Really, Plastic Little crams in a lot.  Each member of the Cha-Cha Maru's crew gets a little fleshing out (and, ugh, yes I realise what I just did there) and there are three big actions sequences, there's backstory and world-building and - yes - a lot of breasts.  And not all of the animators' attention was devoted to those last, either; the animation may be nothing extraordinary, but generally it's pleasant to behold.  In short, I enjoyed Plastic Little rather a lot.  After a while, I forgot I was watching an OVA and settled in for a movie, and there was enough going on that I didn't feel short-changed; I was bothered about minor characters who'd probably been on screen for all of three minutes and caught up in a plot that on the face of it was fairly standard good guys versus bad guys stuff, except done well enough that the familiarity didn't much matter.

With all of that said, this is an even more pointless review than most of those here, because Plastic Little is damn near impossible to find these days.  I watched it in a video CD edition, and boy, there's a reason video CD didn't take off as a format.  Plastic Little is really damn hard to find, basically, and that's kind of a shame.  It's no masterpiece, not by any means, but it's charming and fun and deserves better than to be a footnote in history filed under the category of "well-drawn boobs."

Ruin Explorers: Fam and Ihrie, 1996, Takeshi Mori

Sometimes the most you can ask of anything is that it be an excellent version of the sort of thing it is.  So when a four part comic fantasy OVA comes along that manages to be fun and engaging on just about every level, that's worth jumping on wholeheartedly in my opinion.  If aspects push towards out-and-out brilliance then all the better; what good is bemoaning that the plot is hackneyed in its essentials or that the fantastical elements are hardly revolutionizing the genre?  And so it goes with Ruin Explorers: Fam and Ihrie.  To worry unduly over the parts that are boilerplate fantasy would be to miss just how well done the whole is, and how enjoyable the end result.  And really, perhaps even boilerplate is unfair: if the show drifts into kill-the-big-bad territory, it at least layers on enough wrinkles to stay distinctive.

Maybe what matters most, though, is that we get a pair of wonderful protagonists.  Fam and Ihrie are at core a cynic and innocent respectively, but again, there's enough done to complicate those types that they come together as deeply likable characters in their own right.  In fact, for something less than two hours long, Ruin Explorers manages to build quite a marvelous cast, even if none of them end up as heart-grabbing as our two bickering, tomb-robbing, magic-wielding heroines.  Still, on the whole the show develops the sort of fun hangout vibe that normally takes hours to establish, and some excellent design work helps in that regard.  There's perhaps not a huge amount of money on display here, backgrounds are subtly reused and stills are slyly employed, but what needs to work works: the action's vibrant, the mood is spot on, and those characters are distinctive.  Oh, and a nod, too, to the score, which is old-fashioned in odd and lovely ways, sounding like something that went missing in the 1940's and was just re-purposed.

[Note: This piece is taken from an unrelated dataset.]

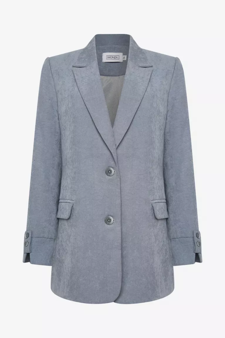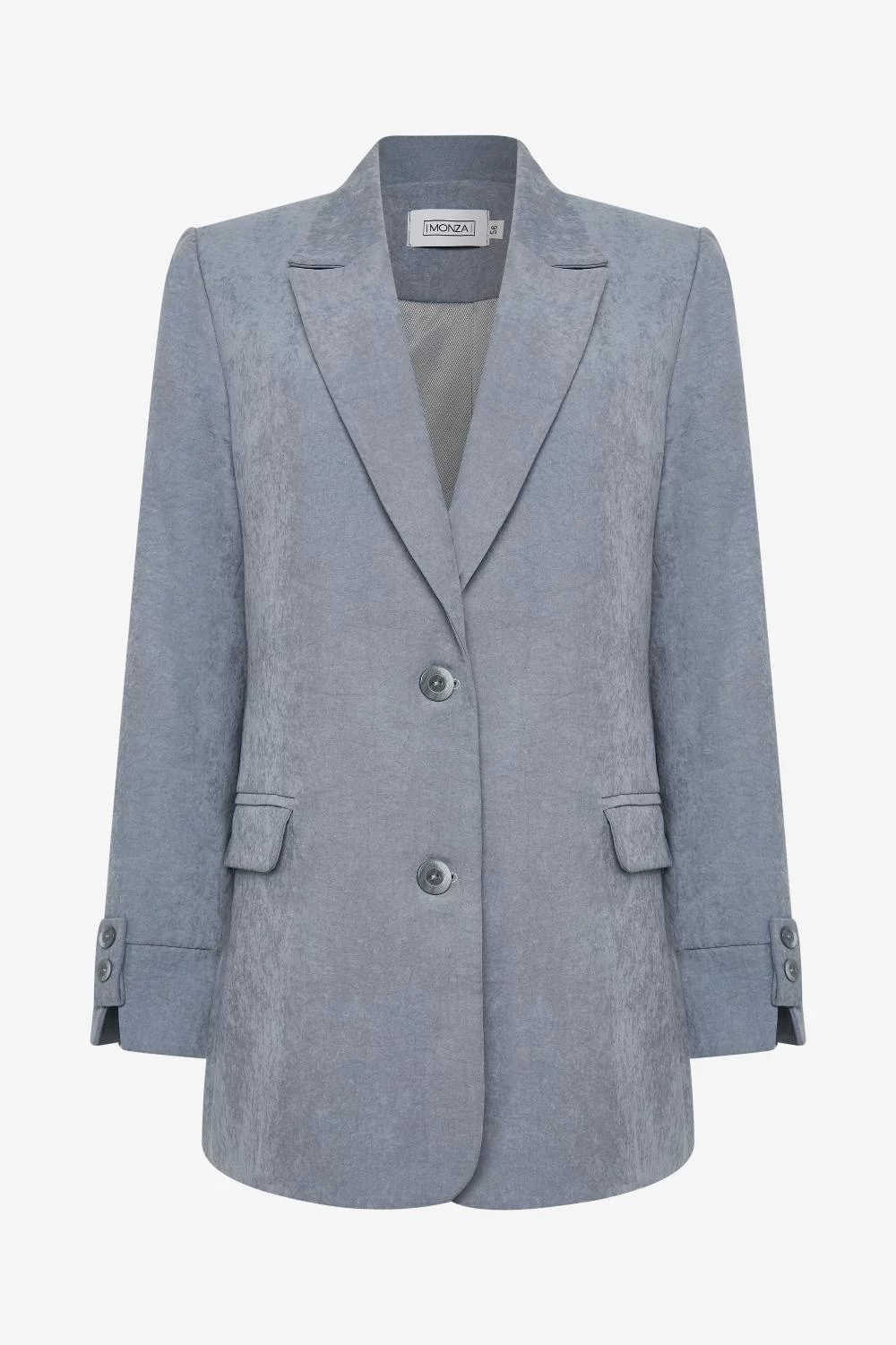 Однобортный жакет полуприлегающего силуэта, на подкладке и пуговицах из костюмной ткани с тач эффектом. Длина миди. Воротник английский, с лацканами. На спинке по талии декоративный вырез, с двумя шлицами на пуговицах. Спереди вертикальные вытачки и внутренние карманы. Рукав длинный, с выраженной линией плеча, разрез на манжете, пройма углубленная.

I'm not sure that I've done much to put over why Ruin Explorers: Fam and Ihrie is so great.  But, honestly, I think that's because I'm already too emotionally attached to it; I went in expecting a Slayers rip-off and came out with a new favourite and two characters I wish with all my heart had gone on to more adventures.  For that reason, I don't want to dig too deeply into the plot and spoil, for example, the sizable inconvenience that befalls Ihrie whenever she casts a spell, or who Fam develops an adorable crush on, or why the villain ends up being so much more interesting than a lesser work of fantasy would have made them.  But, hey, you know what?  You don't see much whole-hearted recommendation around these parts, so let's push the envelope: Ruin Explorers is charming, witty fantasy made with artistry and obvious affection, and I urge you to hunt down a copy.

-oOo-

Would that this had been the final post in this series!  When the worst you have to put up with is something as innocuous as Plastic Little and your biggest complaint is that the animators were too preoccupied with drawing topless women, you know you've reached a high point in the business of reviewing nineties anime.

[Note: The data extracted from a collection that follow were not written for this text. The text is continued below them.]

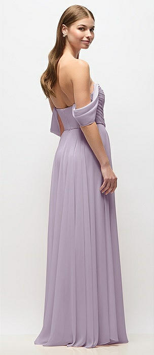 Strapless Chiffon Maxi Dress with Asymmetrical Ruched Drop Waist in lilac haze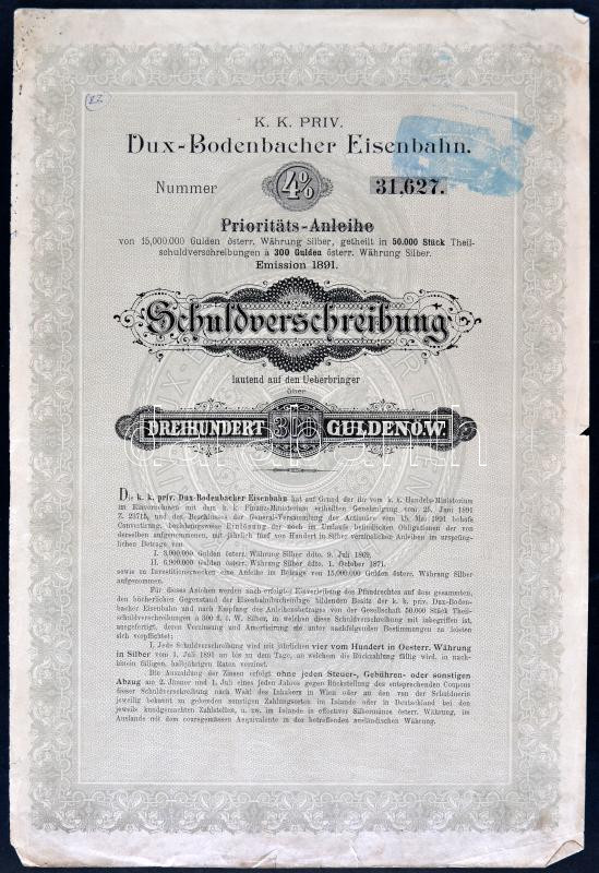 Leírás: Csehország/Teplitz 1891. "Dux-Bodenbachi Vasút" 4%-os elsőbbségi kötvénye 300G értékben + szelvények T:III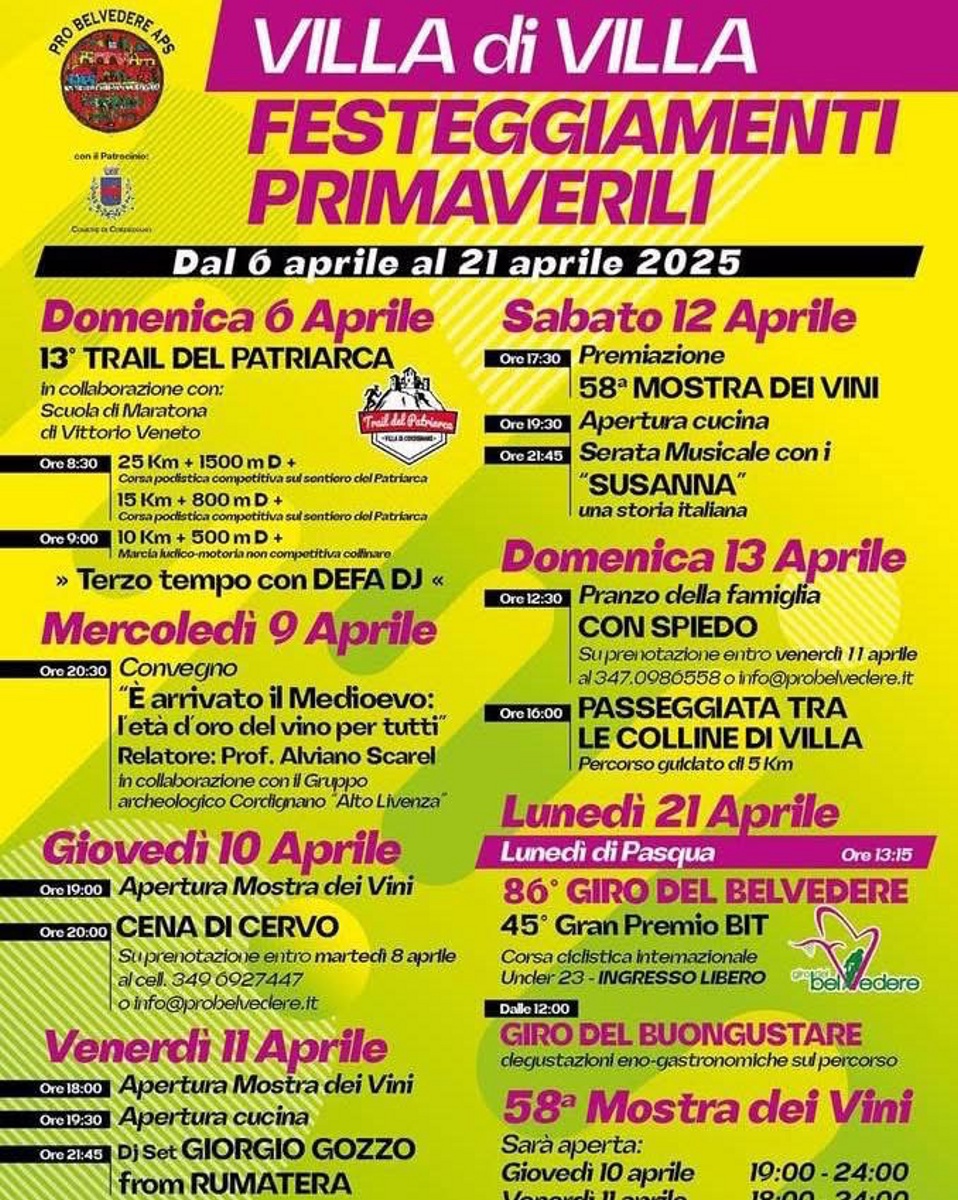 La Pro Belvedere APS con il patrocinio del Comune di Cordignano ha organizzato i Festeggiamenti Primaverili 2025 a Villa di Villa di Cordignano.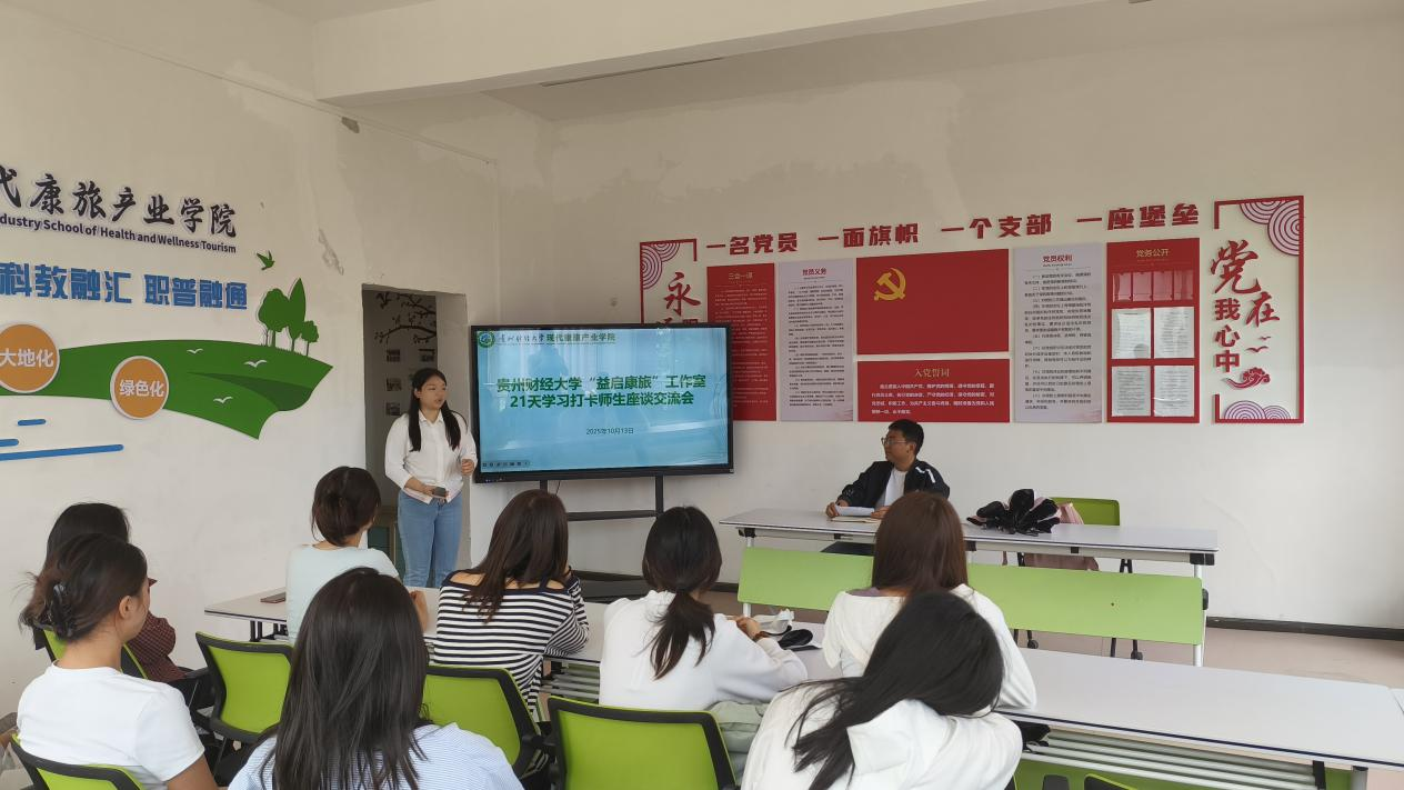 交流环节中,张勇老师首先对21天学习打卡活动的前期成效予以肯定,详细梳理了活动期间学生在知识积累、习惯养成等方面的进步,同时结合工作室“益启康旅”的核心定位,强调学习与康旅实践融合的重要性。随后,学生代表轮流发言,分享了打卡过程中的收获与难点,部分同学表示通过每日打卡培养了规律学习的习惯,在康旅相关理论知识上有了明显提升;也有同学提出在实践应用与知识转化方面存在困惑。针对学生们的疑问,张勇老师逐一耐心解答,从专业知识深化路径、实践项目参与方法等方面给出具体指导,为学生提供切实可行的学习建议。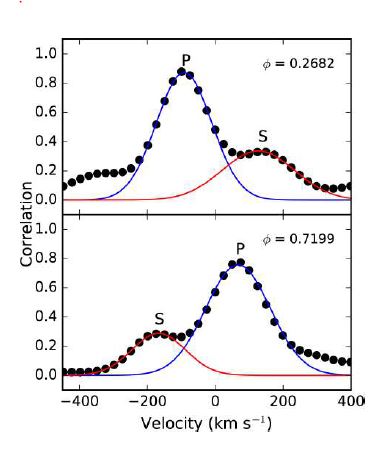 circular y compuesta de dos estrellas, F5V + K2V. Al sustraer la mejor curva de

But it's not to be.  There are plenty of things to watch still on the shelf, and though some of those are very special and exciting indeed, they're most emphatically not what I'll be talking about next time.  Oh no!  Because as much as I never imagined it possible, I've found something more sleazy, disreputable, black-hearted and joyless than Legend of the Overfiend, and in the next post I'll be trying to put into words just why it hate it so vociferously.  So there's something to look forward to!



[Other reviews in this series: By Date / By Title / By Rating]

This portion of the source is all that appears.